• Exercise requirements: Print verbatim the lines from the beginning of the entries through the line containing "Personalized To My", both ends included. Pictures should be left out.

• Supplied records:
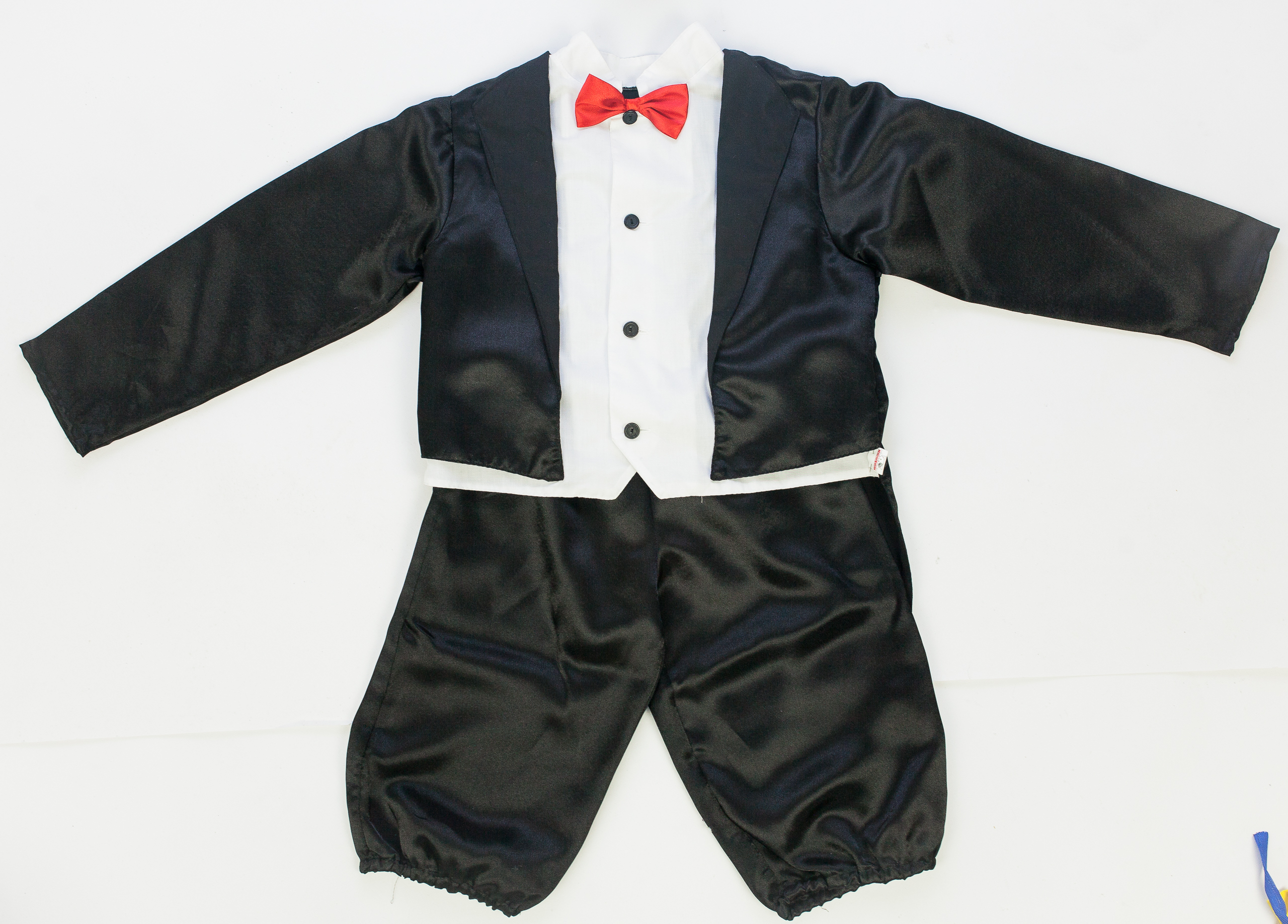 Комплектация: фрак с имитацией рубашки и галстуком бабочкой, бриджи.
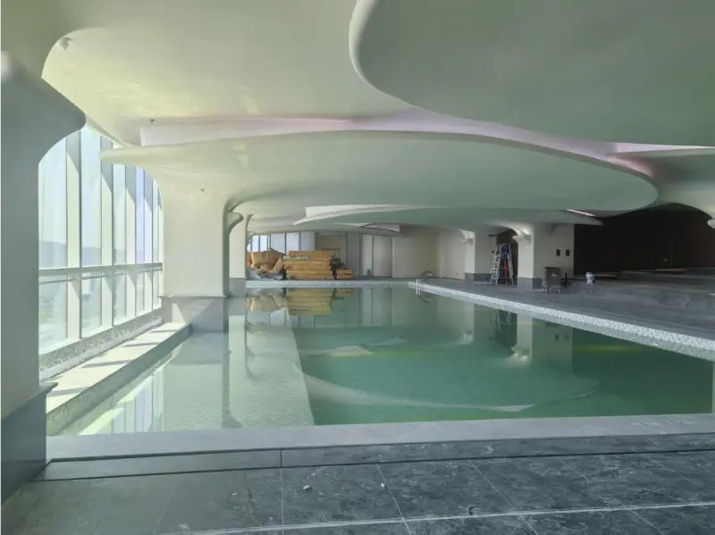 Untuk memastikan keselesaan yang stabil dan kebolehgunaan sepanjang tahun, kemudahan ini disokong oleh canggihPam Habateknologi dan cekapPenghawa Dinginsistem. Penyelesaian kawalan iklim bersepadu membantu mengekalkan persekitaran dalaman yang stabil, memastikan suhu optimum untuk kedua-dua ruang udara dan air di kawasan renang.
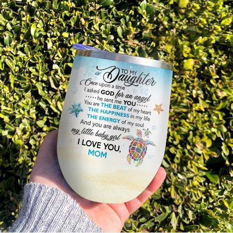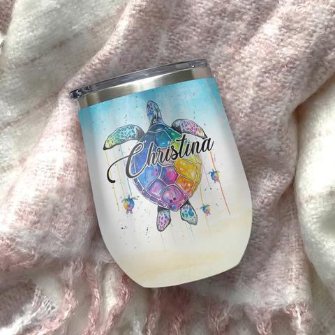 Personalized To My Daughter Turtle Colorful Wine Tumbler, Personalized Tumblers, Tumbler Cups, Custom Tumblers
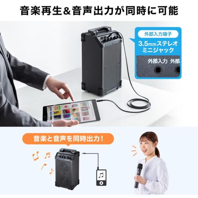 ●外部音声入力を搭載しており、音楽再生も可能です。同時にマイク音声出力もできます。カラオケスピーカーとして利用したり、結婚式の2次会やパーティーなどにバックミュージックと共にアナウンスを流したりできます。
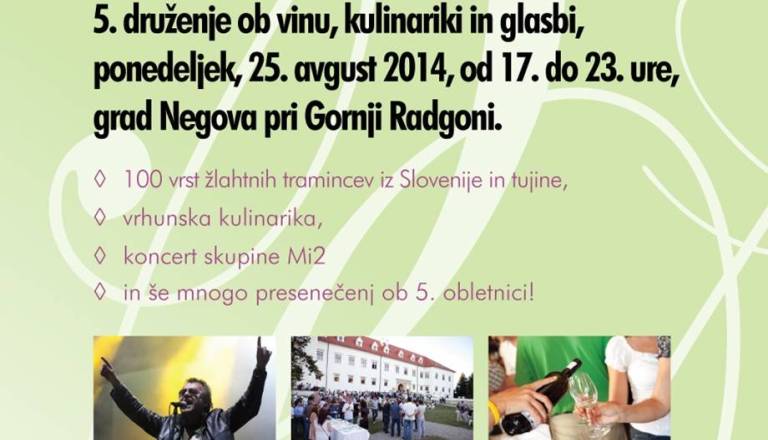Vabljeni na 5. druženje ob vinu, kulinariki in glasbi, ki bo potekalo 25.8. od 17 ure naprej. Čaka vas 100 vrst žlahtnih tramincev iz Slovenije in tujine ...

• Task answer:
 Комплектация: фрак с имитацией рубашки и галстуком бабочкой, бриджи.
 Untuk memastikan keselesaan yang stabil dan kebolehgunaan sepanjang tahun, kemudahan ini disokong oleh canggihPam Habateknologi dan cekapPenghawa Dinginsistem. Penyelesaian kawalan iklim bersepadu membantu mengekalkan persekitaran dalaman yang stabil, memastikan suhu optimum untuk kedua-dua ruang udara dan air di kawasan renang.
 Personalized To My Daughter Turtle Colorful Wine Tumbler, Personalized Tumblers, Tumbler Cups, Custom Tumblers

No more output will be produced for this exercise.